The European Green Deal aims to make Europe the world's first climate-neutral continent by 2050. As part of this strategy, the European Commission has proposed the Carbon Border Adjustment Mechanism (CBAM) to prevent carbon leakage and support the EU's climate goals. CBAM is a border tax that requires companies importing goods into the EU to purchase certificates representing the emissions generated during production. This mechanism will significantly impact countries, particularly developing and least developed countries (LDCs), raising concerns about climate justice.
CBAM was introduced as part of the Fit for 55 package, which targets a 55% reduction in the EU's emissions by 2030. CBAM is designed to discourage EU businesses from relocating and to incentivize international partners to align with the EU's climate goals. Initially, the mechanism covers five emissions-intensive trade-exposed (EITE) industries, including cement, fertilizers, iron and steel, aluminum, and electricity. Its scope is likely to be extended to other carbon-emitting industries in the future.

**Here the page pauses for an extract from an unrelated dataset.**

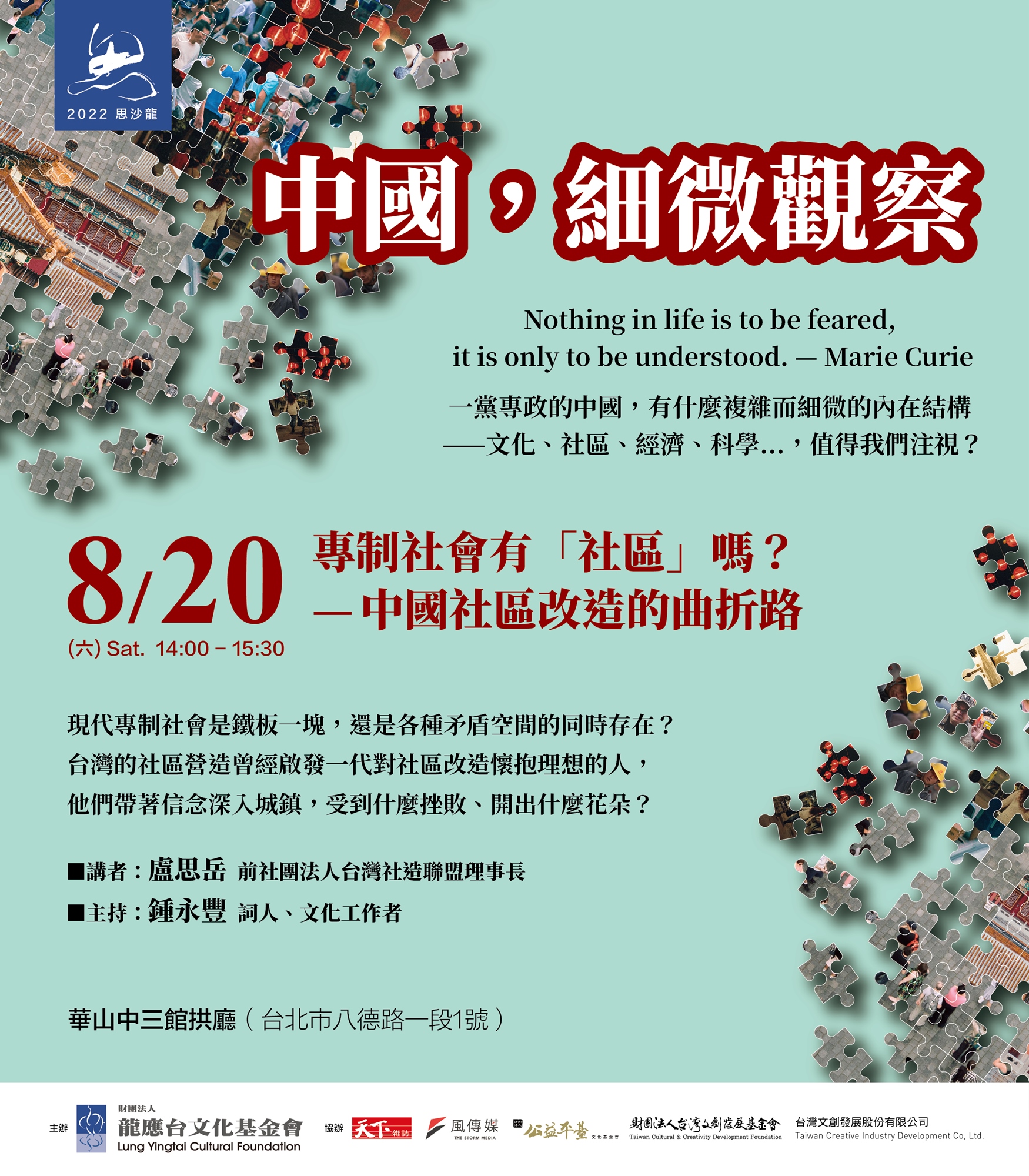 現代專制社會是鐵板一塊,還是各種矛盾空間的同時存在? 台灣的社區營造曾經啟發一代對社區改造懷抱理想的人,他們帶著信念深入城鎮,受到什麼挫敗、開出什麼花朵?

Analyzing the impact of CBAM on third countries is complex due to uncertainties in its design and scope. While countries like Russia, China, and Turkey are significant exporters of CBAM goods to the EU, their vulnerability to the mechanism depends on their dependence on exports and overall trade volume. Low-income countries, LDCs, and developing nations in the EU's neighborhood, such as Mozambique, Bosnia, and Herzegovina, Ukraine, and Serbia, are among the most affected by CBAM. Even countries with low export volume can experience significant socio-economic consequences due to the disruption of key employment sectors.
The carbon intensity of a country's economy also plays a crucial role in determining vulnerability. Countries with high carbon intensity, such as Ukraine, Iran, Kazakhstan, Bosnia and Herzegovina, and Vietnam, may face a higher tax burden and reduced competitiveness under CBAM. In contrast, countries with lower carbon intensity can maintain competitiveness in their exports. For instance, China and Ukraine, which have higher carbon emissions per unit of steel produced, face a disadvantage compared to India, Turkey, and the United States, which rely on more environmentally friendly production methods.

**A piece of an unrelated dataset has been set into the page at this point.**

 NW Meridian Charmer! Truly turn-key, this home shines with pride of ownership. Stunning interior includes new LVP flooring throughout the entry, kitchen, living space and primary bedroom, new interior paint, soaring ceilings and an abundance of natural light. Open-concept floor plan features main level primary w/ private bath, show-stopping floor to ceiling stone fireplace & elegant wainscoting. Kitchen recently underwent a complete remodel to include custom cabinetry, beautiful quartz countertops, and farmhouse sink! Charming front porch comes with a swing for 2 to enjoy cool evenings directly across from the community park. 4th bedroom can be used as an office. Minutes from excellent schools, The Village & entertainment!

The affected countries' statistical, monitoring, and reporting capacities are essential factors influencing their competitiveness. Countries with robust infrastructure and statistical capacity have an advantage in complying with reporting requirements. In contrast, those with low capacities may struggle to meet the demands, potentially increasing the pricing of their exports under CBAM. This poses additional challenges for countries with limited resources and data ecosystems.
CBAM's implementation will have wide-ranging implications for the EU's trade partners, particularly developing nations and LDCs. Understanding the vulnerabilities of these countries and adopting adjustment policies to mitigate negative consequences is crucial. Improving the design of CBAM and considering climate justice principles can contribute to a fair and effective implementation of the mechanism.